Snake AI

Greedy BFS finding a path from the snake's head to the food each time it eats.



This project showcases several pathfinding algorithms which I implemented for the sake of automating a game of Snake. I wrote the game in C++ using the FLTK library for graphics and user input. The following pathfinding algorithms are included:

  • A-Star
  • Greedy Best-First Search
  • Breadth-First Search
  • Depth-First Search


Each algorithm's search is drawn on the game field with the following color scheme:

  • Blue: Nodes which have already been explored (closed set).
  • Cyan: Nodes which are currently being explored (frontier/open set).
  • Red: The path selected by the algorithm.


The A-Star algorithm uses a heuristic function to evaluate nodes and prioritize them based on their goal distance and distance from the starting node.
Breadth-first search radiates outward in all four directions - it evaluates all of a given node's neighbors before proceeding outwards.
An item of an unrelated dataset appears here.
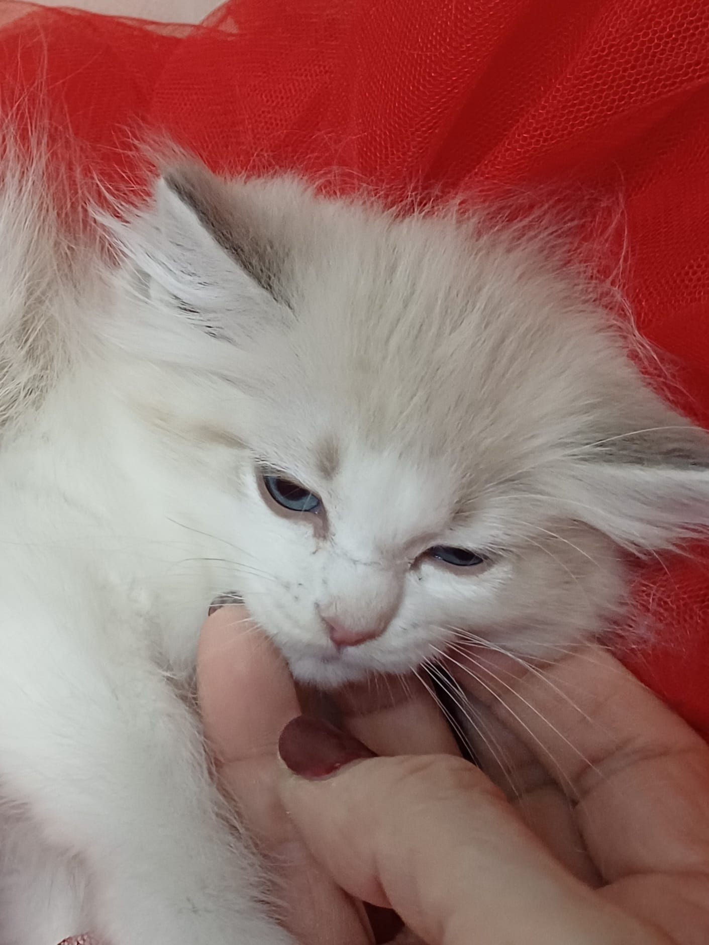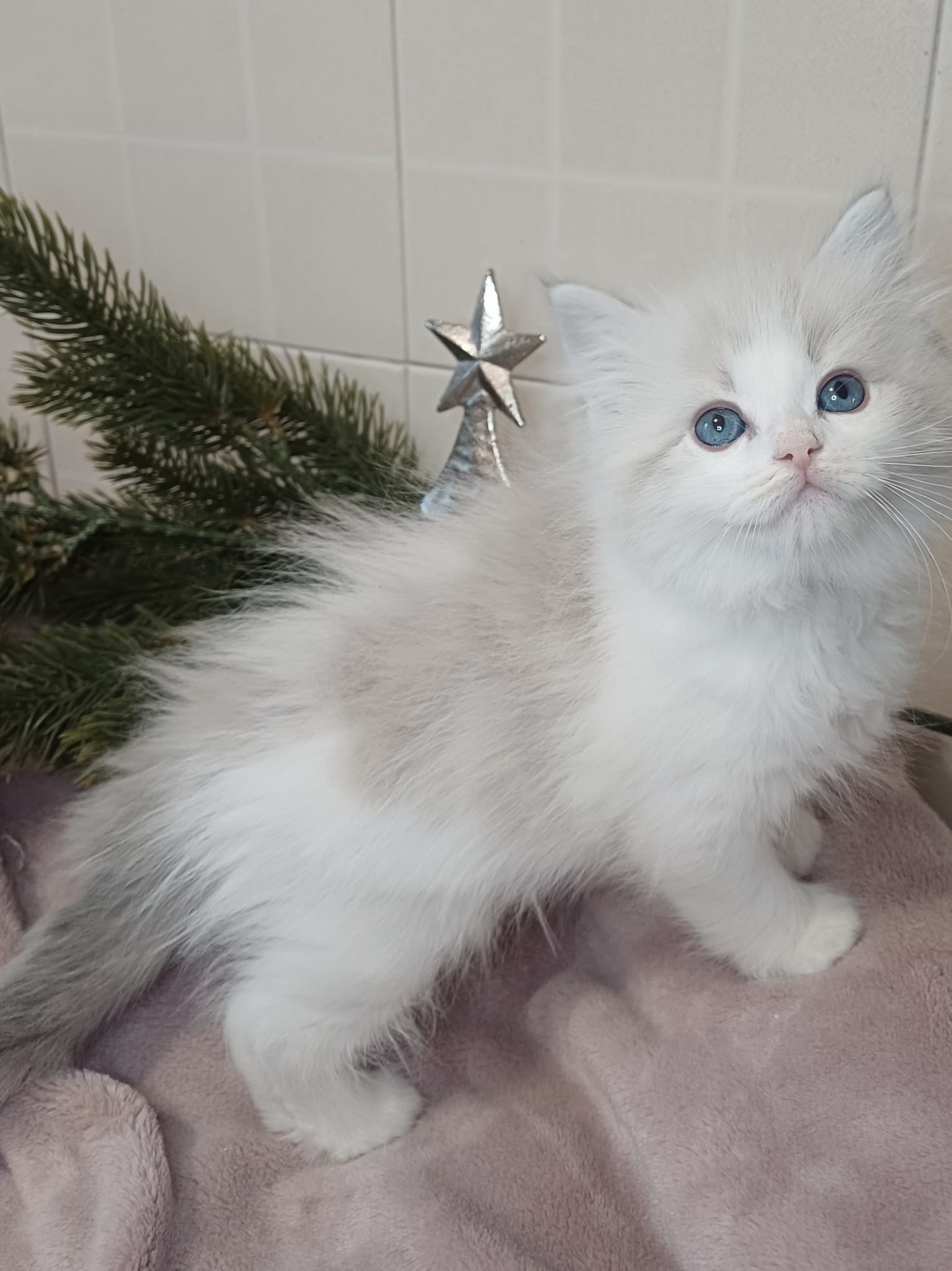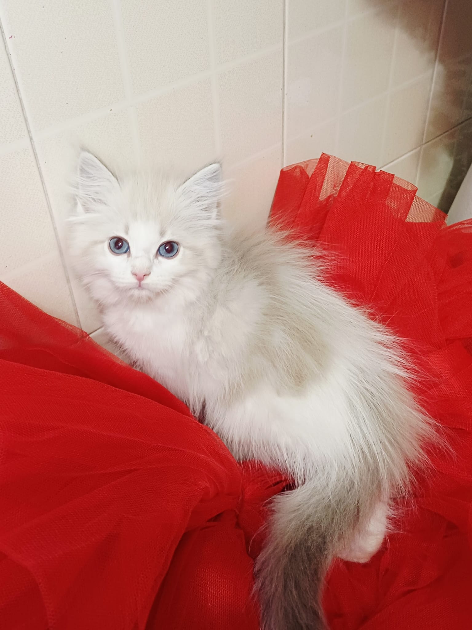 Splendida gattina blue tabby point bicolour. Ottima struttura fisica, bellissima morfologia, ottimo marking, occhi blu molto intensi sia nel colore che nell’ espressione. Pelo semilungo, folto e setoso al tatto, coda lunga e folta. Soraya è una gattina molto dolce ed equilibrata, elegante ed affettuosa. L’Amore di Gemma Soraya è DISPONIBILE come”SHOW-NEUTER “, ovvero come gattina dal potenziale espositivo ma da far sterilizzare una volta divenuta adulta.

This has heavy performance implications due to its poor space complexity.
Greedy best-first search works in the same manner as A-Star but with a different heuristic which only prioritizes nodes by their distance to the goal node. This can achieve similar results while exploring fewer nodes.
Depth-first search was included mostly as a curiosity since it's ill-suited to this sort of problem. DFS expands all nodes in a given direction from the current node before choosing another path. For this reason, it explores a lot of unnecessary nodes before finding the goal.

Continuous Search

After testing each algorithm for a while, I noticed that paths became more and more convoluted as the snake grew in length. This is because the snake's body becomes a moving obstacle for the algorithm to path around - the path it initially finds may become suboptimal as the snake's body moves out of the way.

To solve this issue, I added the option of re-running the path search on each frame. This allows the snake to re-evaluate its path as its body segments move, leading to better (shorter) paths at the expense of a lot of extra computation.

Repeated searching allows Greedy BFS to 'tighten' its original path around the snake's tail segments.


The program tracks various statistics about each run in order to allow for easy comparison of the different algorithms. This gives a better idea about the time and space complexity of each search and allows you to weigh the pros and cons of different shortest-path algorithms.

Statistics collected at the end of each run.

Compiling & Running

If you're using a Linux-based OS, check out the repository and use the included makefile. For Windows, follow these directions with the source code from the repository.

The above options work as follows:

  • Time Step (Seconds): The length of each frame in seconds (default 0.05).
  • Screen Width (px): The screen width in pixels (default 800).
  • Screen Height (px): The screen height in pixels (default 600).
  • Search Algorithm: The pathfinding algorithm used to guide the snake (default A-Star).
  • Repeat Search on Each Frame: Toggles whether or not to re-evaluate the snake's path on each frame.


I wrote this at a time when FLTK was the only graphical software I knew how to develop in. This library is not a great choice for this sort of work since it's actually a GUI toolkit (the snake segments are actually styled UI boxes!). A more relevant library such as SDL2 would have been a more reasonable pick. Hindsight is 20-20!